Without including the pictures, copy out every line below.
** STORED DATA follows **
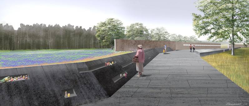 Le mémorial de Shanksville tel qu'il sera inauguré le 11 septembre 2011, pour le dixième anniversaire... En réalité, si, bien entendu, l'avion UAL 93 ne s'est pas planté dans le champ, il est bien possible que l'hommage s'adressera quand même à de vraies victimes, celles qui revenaient vers Washington avec le vol 93 et que les avions de chasse ont volontairement abattu en altitude pour terminer le scénario du 9/11...
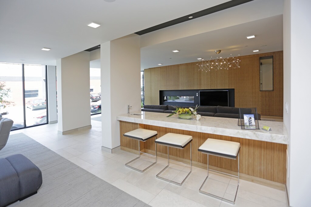- Vestíbulo de vidrio con salón multimedia y barra con fregadero
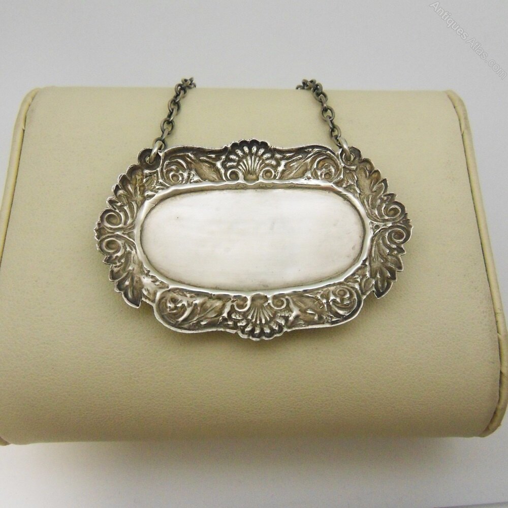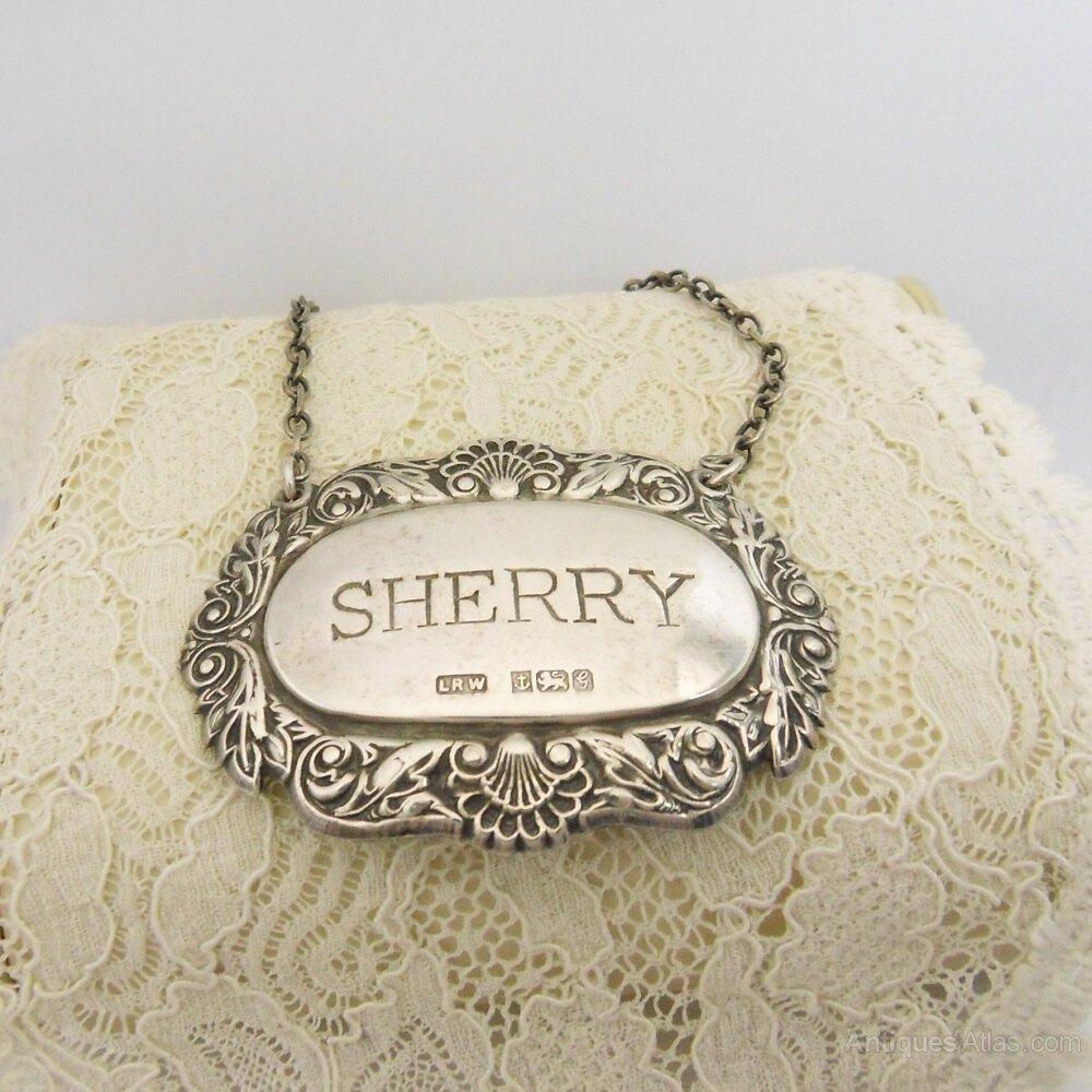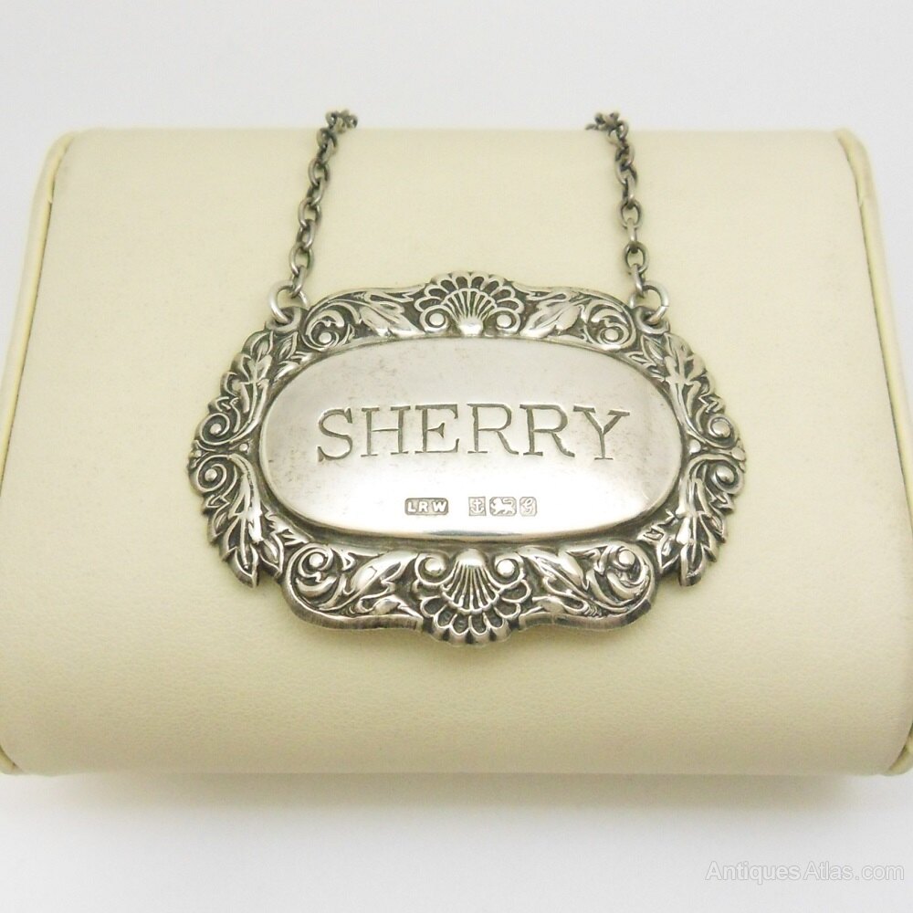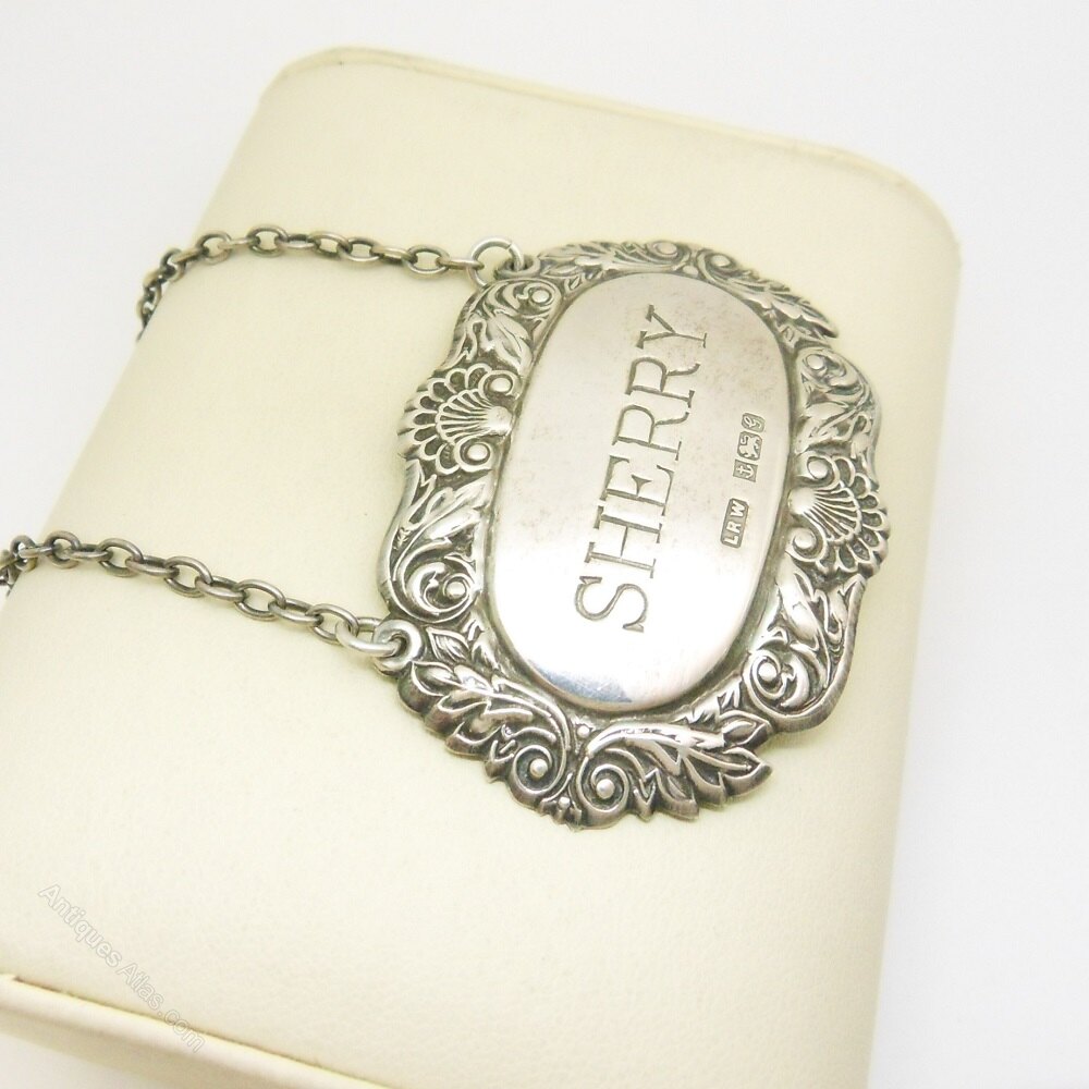 A classically styled sherry label, with the word 'SHERRY' boldly engraved on a smooth cartouche with an attractive decorative border of ornate leaves and shell motifs.Hallmarked clearly on the front as sterling silver, Birmingham 1981 with makers initials for Laurence R Watson & Co. The label hangs from a simple 6" long silver chain.
** End of STORED DATA **
### EXERCISE ANSWER
 Le mémorial de Shanksville tel qu'il sera inauguré le 11 septembre 2011, pour le dixième anniversaire... En réalité, si, bien entendu, l'avion UAL 93 ne s'est pas planté dans le champ, il est bien possible que l'hommage s'adressera quand même à de vraies victimes, celles qui revenaient vers Washington avec le vol 93 et que les avions de chasse ont volontairement abattu en altitude pour terminer le scénario du 9/11...
- Vestíbulo de vidrio con salón multimedia y barra con fregadero
 A classically styled sherry label, with the word 'SHERRY' boldly engraved on a smooth cartouche with an attractive decorative border of ornate leaves and shell motifs.Hallmarked clearly on the front as sterling silver, Birmingham 1981 with makers initials for Laurence R Watson & Co. The label hangs from a simple 6" long silver chain.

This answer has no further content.